- What is expected:
From the line that contains "The dress is" to the end of the entries, copy each line exactly, though the pictures stay out.

::: Data for this exercise :::

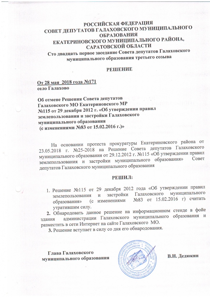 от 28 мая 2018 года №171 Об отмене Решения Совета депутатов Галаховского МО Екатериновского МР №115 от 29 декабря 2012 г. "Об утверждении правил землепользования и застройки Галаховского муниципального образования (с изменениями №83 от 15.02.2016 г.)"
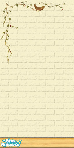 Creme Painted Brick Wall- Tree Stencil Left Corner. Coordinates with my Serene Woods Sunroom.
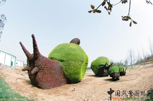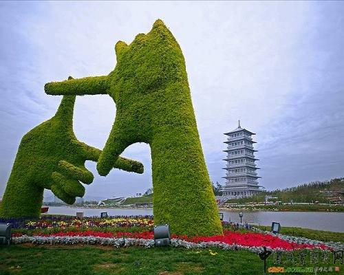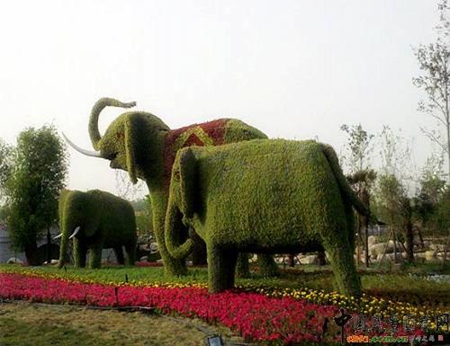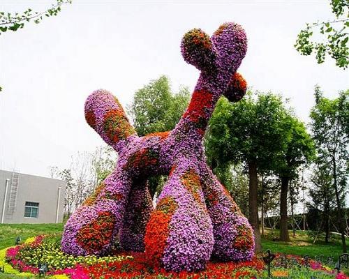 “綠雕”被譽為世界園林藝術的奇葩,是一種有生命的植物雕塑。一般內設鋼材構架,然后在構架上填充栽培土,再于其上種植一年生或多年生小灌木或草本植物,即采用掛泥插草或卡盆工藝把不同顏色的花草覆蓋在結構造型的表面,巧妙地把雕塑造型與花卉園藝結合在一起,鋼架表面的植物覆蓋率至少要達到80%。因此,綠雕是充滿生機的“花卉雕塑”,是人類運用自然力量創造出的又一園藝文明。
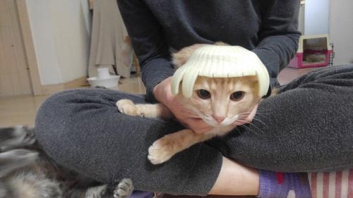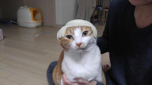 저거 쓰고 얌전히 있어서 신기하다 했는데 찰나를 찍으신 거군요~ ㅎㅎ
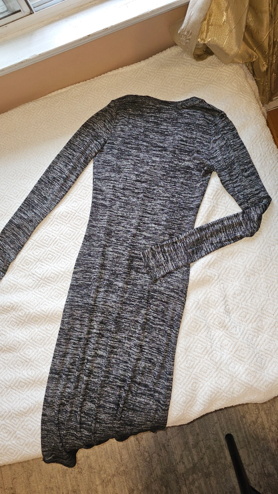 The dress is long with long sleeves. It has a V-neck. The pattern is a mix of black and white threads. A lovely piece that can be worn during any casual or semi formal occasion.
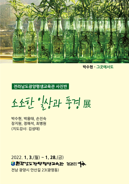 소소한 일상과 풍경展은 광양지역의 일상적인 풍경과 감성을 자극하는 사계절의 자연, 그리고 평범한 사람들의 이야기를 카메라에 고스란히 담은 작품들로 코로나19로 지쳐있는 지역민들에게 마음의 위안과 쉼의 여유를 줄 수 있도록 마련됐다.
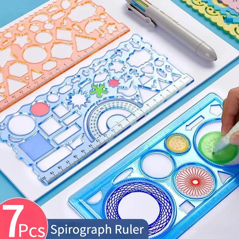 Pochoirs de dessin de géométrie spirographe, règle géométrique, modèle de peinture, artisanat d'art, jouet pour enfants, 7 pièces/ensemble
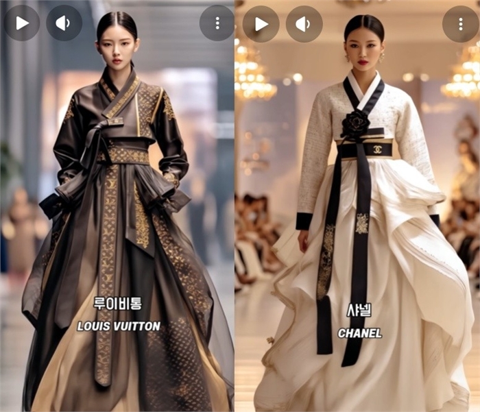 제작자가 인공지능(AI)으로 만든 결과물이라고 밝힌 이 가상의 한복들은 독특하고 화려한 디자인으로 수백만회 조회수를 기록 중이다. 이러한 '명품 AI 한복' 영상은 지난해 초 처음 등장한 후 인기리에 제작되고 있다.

:::

- Exercise answer:
 The dress is long with long sleeves. It has a V-neck. The pattern is a mix of black and white threads. A lovely piece that can be worn during any casual or semi formal occasion.
 소소한 일상과 풍경展은 광양지역의 일상적인 풍경과 감성을 자극하는 사계절의 자연, 그리고 평범한 사람들의 이야기를 카메라에 고스란히 담은 작품들로 코로나19로 지쳐있는 지역민들에게 마음의 위안과 쉼의 여유를 줄 수 있도록 마련됐다.
 Pochoirs de dessin de géométrie spirographe, règle géométrique, modèle de peinture, artisanat d'art, jouet pour enfants, 7 pièces/ensemble
 제작자가 인공지능(AI)으로 만든 결과물이라고 밝힌 이 가상의 한복들은 독특하고 화려한 디자인으로 수백만회 조회수를 기록 중이다. 이러한 '명품 AI 한복' 영상은 지난해 초 처음 등장한 후 인기리에 제작되고 있다.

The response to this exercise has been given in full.